Engineering Background

This section covers the steel connections design principles behind our platform. We only support Eurocode 3 design.

How does it work?

When solving a connection, each part of the connection has its own parameters stored as a Python object, and this object is responsible of checking itself. This means that we can have a very controlled and reliable code.

Numbers are stored as Python Decimals and every magnitude is unit awareness. This approach gives us unit consistency through the platform.

Coordinate systems

Structural analysis models usually have a global coordinate system (X-Y-Z) in addition to a local axes system (1-2-3) for each of the frame elements in the model. Connection design takes forces from frame local axes.

Our coordinate system approach is based on frame coordinate system on SAP 2000 / Etabs. It is a standard in structural analysis software. See SAP2000 reference docs.

In a SAP2000 frame, there are three local axis (1-2-3). It is a right handed cartesian system. The first axis is directed along the length of the element at its centroid, and the second and third axis are aligned with the strong and weak axis of the frame section. In beams, SAP2000 assigns 2 to +Z and 3 to the horizontal. In columns, 2 is aligned with X and 3 with Y.

This means that we also use those local axes for forces: P,V2,V3,M2,M3,T. You can dump forces from your arriving beam/bracing from the analysis model to the braced app.

With Eurocode enginesheets, we use EC3 notations for distances between bolt rows and columns. Usually known as p1, p2, e1 and e2, being 1 the direction of load, and 2 the traversal. This approach differs from the SAP2000 numbered axis. Our engine tries to align axis 2 with e2. Then, e1 can be switched between P and V3. But don't worry about this, you will have a dynamic drawing showing parts and vectors.

Similar approach applies to weldings. The system always tries to align V3 with the longitudinal direction of the main welding and V2 to the transversal direction of the welding.

Weldings

Weldings are assumed to be made with at least same material grade as connected elements. A welded plate will check its weldings assuming his own material grade.

If you really need custom materials for weldings, just contact us to suggest that feature.

Bolt forces distribution

Bolt forces distribution are solved as per one of the following methods:

Moments in a preloaded bolt group

When a preloaded bolt group is set up, the tension force Ft,Ed of a bolt is solved as it folows:

If a moment is acting, it is assumed a plain stress distribution all over the bolt group. Then, each bolt i has a distance di to the centroid, and an area Ai. The bolt group inertia is I = Σ (Ai * di2).

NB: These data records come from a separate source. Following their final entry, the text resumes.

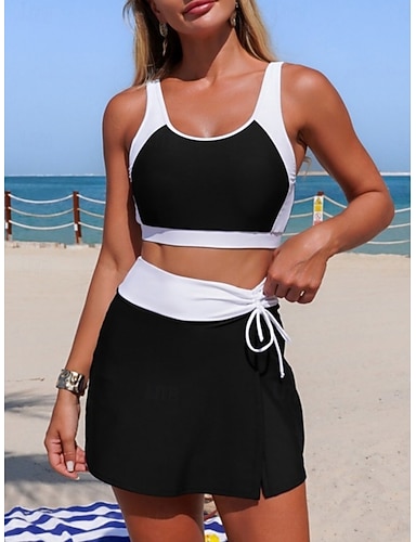 Damen Badeanzug Bikini Zweiteilig Rock Bademode Bauchkontrolle Hohe Taille Schlank Rückenfrei Urlaub Strandbekleidung Einfarbig Rundausschnitt Ärmellos Badeanzüge
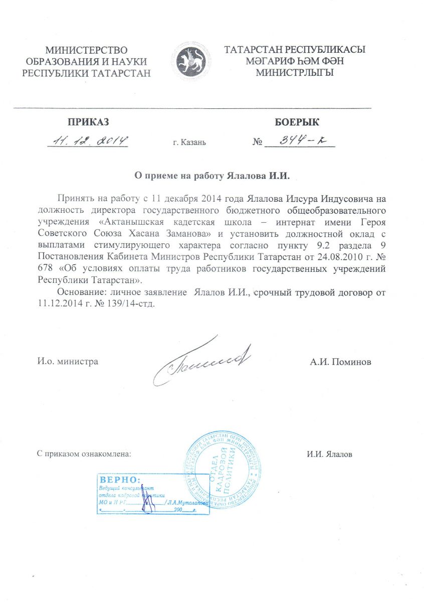 Приказ о приеме на работу Ялалова И.И
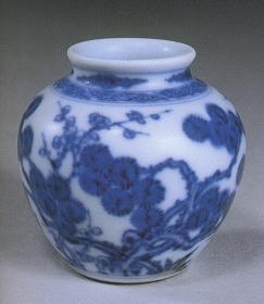 此罐高6.4cm,小巧精致,釉色白中泛亮。小小的罐腹上用青花繪出“歲寒三友圖”,紋飾纖柔精細(xì),風(fēng)格俊雅秀麗。圈足內(nèi)有“大清雍正年制”雙圈青花楷書款。
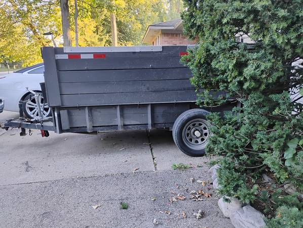 Just bought a bigger trailer this one is 5 ft x 10 ft the sides of approximately 41 in tall 2 inch ball the lights work has a crank down Jack on the front the floor is made of treated 1x6 deck boards steel mesh rear ramp located at 6 Mile merriman in Livonia call or text 734-788-564 0

Forces in each bolt will be Fi = M*di*Ai/I since tensions are σi = M*di/I. This is done for each moment, having Ft,Ed,M2 due to M2, Ft,Ed,M3 due to M3, and Ft,Ed,P due to P. The linear sum of this three is the value to check against Ft,Rd.

Moments in a snug-tight bolt group

When a snug-tight bolt group is set up, the tension force Ft,Ed of a bolt is solved assuming that both, bolts and plates, are loaded by moments. Bolts working in tension and plates in compression.

Each bolt i has a distance di to the neutral line, and an area Ai. A virtual tension plate is created with a reduced width d = m * A / p, being m the number of columns, A the section area of the bolt, and p the distance between rows in the most loaded bolts.

The heigh of the compression zone will be c1 = (b-(d*b)1/2)/(b-d)*h. You obtain this from a simple statements: c1 + c = H and c1 / c = (d/b)1/2.

Having c1, the inertia of the connection is I = d * c3 / 3 + b * c13 / 3, and forces in each bolt will be Fi = M*c*Ai/I.

As in a preloaded bolt group, this is done for each direction of moment. The linear sum of the values is the resultant Ft,Ed to check against Ft,Rd.

Torsion in a bolt group

The shear force Fv,Ed of a bolt is solved in the same way in both cases (snug-tight and preloaded). The approach is the same as with moments in preloaded bolt groups.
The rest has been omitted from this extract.